我會用csv.DictWriter這裏,有一個字段名稱預先定義的列表:

import codecs 
import csv 
import json 

fields = [ 
    'status', 'message', 'type', 'addressAccessId', 'municipalityCode', 
    'municipalityName', 'streetCode', 'streetName', 'streetBuildingIdentifier', 
    'mailDeliverySublocationIdentifier', 'districtSubDivisionIdentifier', 
    'postCodeIdentifier', 'districtName', 'presentationString', 'addressSpecificCount', 
    'validCoordinates', 'geometryWkt', 'x', 'y'] 


with open('test.csv', 'wb') as csvfile, open('jsonfile', 'r') as jsonfile: 
    writer = csv.DictWriter(csvfile, fields) 
    writer.writeheader() 

    for line in jsonfile: 
     if line.startswith(codecs.BOM_UTF8): 
      line = line[3:] 
     entry = json.loads(line) 
     for item in entry['data']: 
      row = dict(item, status=entry['status'], message=entry['message']) 
      row = {k.encode('utf8'): unicode(v).encode('utf8') for k, v in row.iteritems()} 
      writer.writerow(row) 

row字典基本上是每個在entry['data']列表字典的副本,與statusmessage密鑰分別複製。這使得row是一個平面字典。

我也一行一行讀取你的輸入文件,就像你說每行包含一個單獨的JSON條目一樣。

+0

你想把'writer.writerow(row)'放在'for'循環中嗎? – colcarroll

+0

非常感謝您的詳細解答,它絕對有很大的幫助。假設我有一個包含多行的文件,我想要的數據在'x [data]'中。然而,當我嘗試你的代碼時,我得到以下錯誤:ValueError:沒有JSON對象可以被解碼是因爲包含我的json-lines的文件,或者它可能是因爲行是無效的json? – Philip

+0

@JLLagrange:的確如此。 –

0

使用cvs.DictWriter()打開輸出文件並按照您的指定定義輸出標題字段。使用extrasaction ='ignore'和restval =''作爲選項。
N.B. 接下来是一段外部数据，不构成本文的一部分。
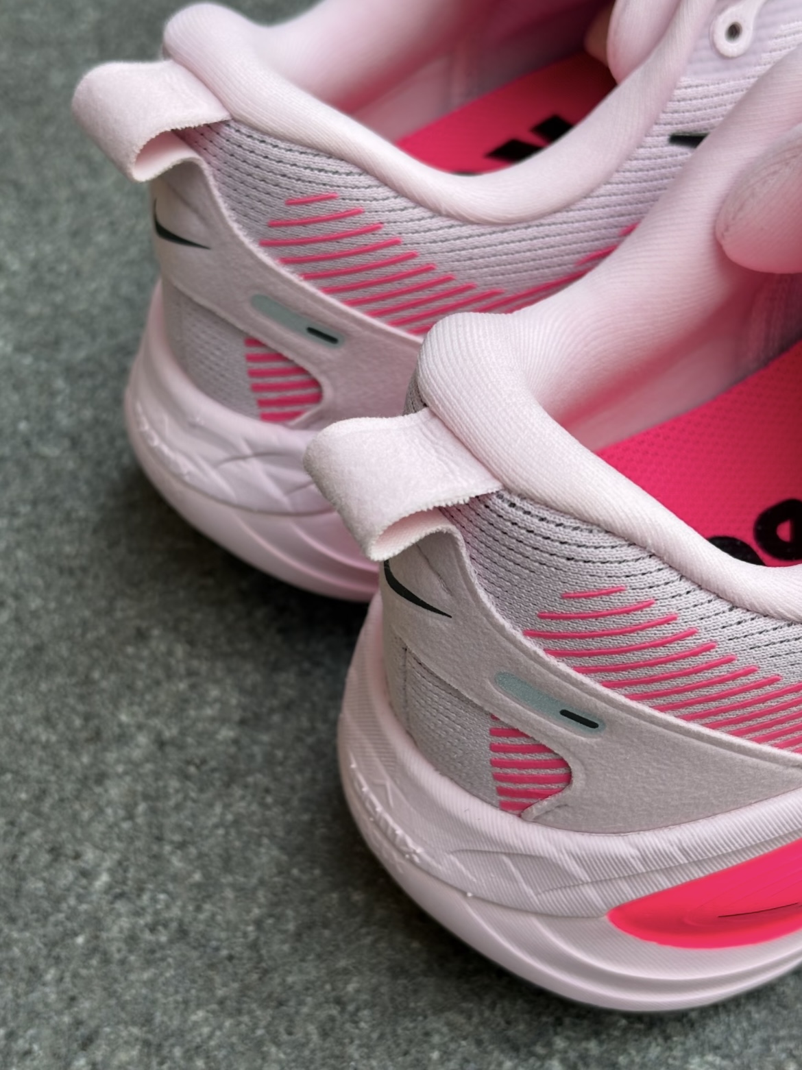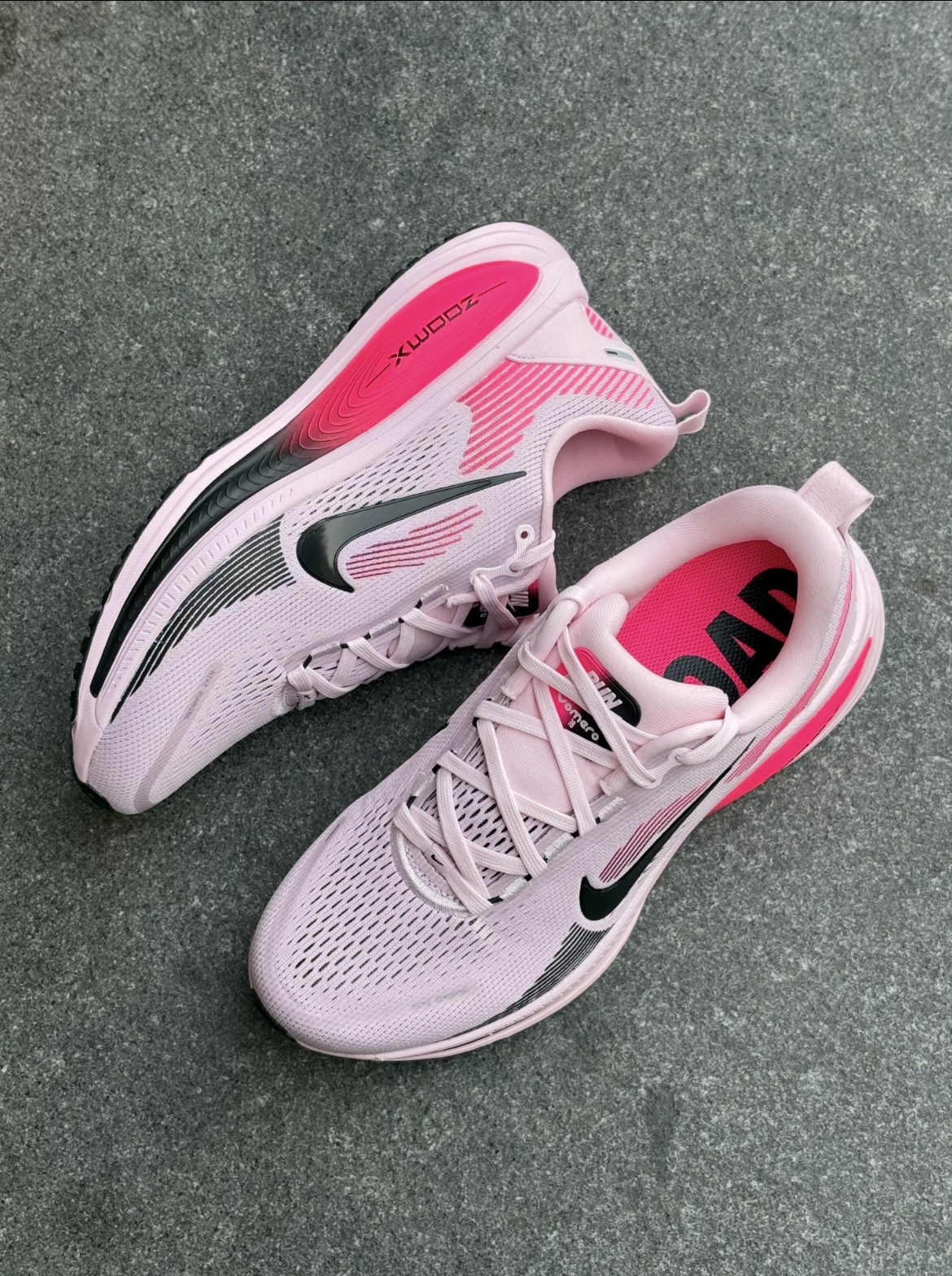 作为Nike的老粉,新入的Vomero18粉色款真的戳中我日常刚需了! 先看颜值——淡粉主调+亮粉内衬的撞色,不会像纯粉那么甜腻,反而带点清爽的少女感~鞋型是偏修长的窄脚款,配上黑色小勾子,视觉上能把脚衬得很秀气,我这种小肉脚穿牛仔裤、运动短裤都不突兀,甚至搭宽松卫衣走“下衣失踪”也很和谐👖 重点说脚感:本来以为是专业跑鞋会偏硬,结果上脚是那种“软弹但不塌”的感觉——Nike的Zoom...

看看Opening A large JSON file in Python with no newlines for csv conversion Python 2.6.6幫助處理大文件,因爲我有一個類似的問題也看看我鏈接到的問題。

我使用適當的循環從JSON構建類似類型的系統。

例如,

def parse_row(currdata): 
    outx = {} 
    # currdata is defined earlier to point to the x['data'] dictionary 
    for eachx in currdata: 
    outx[eachx] = currdata[eachx] 
    return outx 

其中這與currdata作爲自變量的函數,並要求具有x [「數據」] [行]作爲輸入參數。

rows = len(x['data']) 
for row in range(rows): 
    outx = parse_row(x['data'][row]) 
    # process the row and create output 

這應該讓你正確設置解析。我不能將實際的代碼複製到這個答案中,但這應該指向一個解決方案。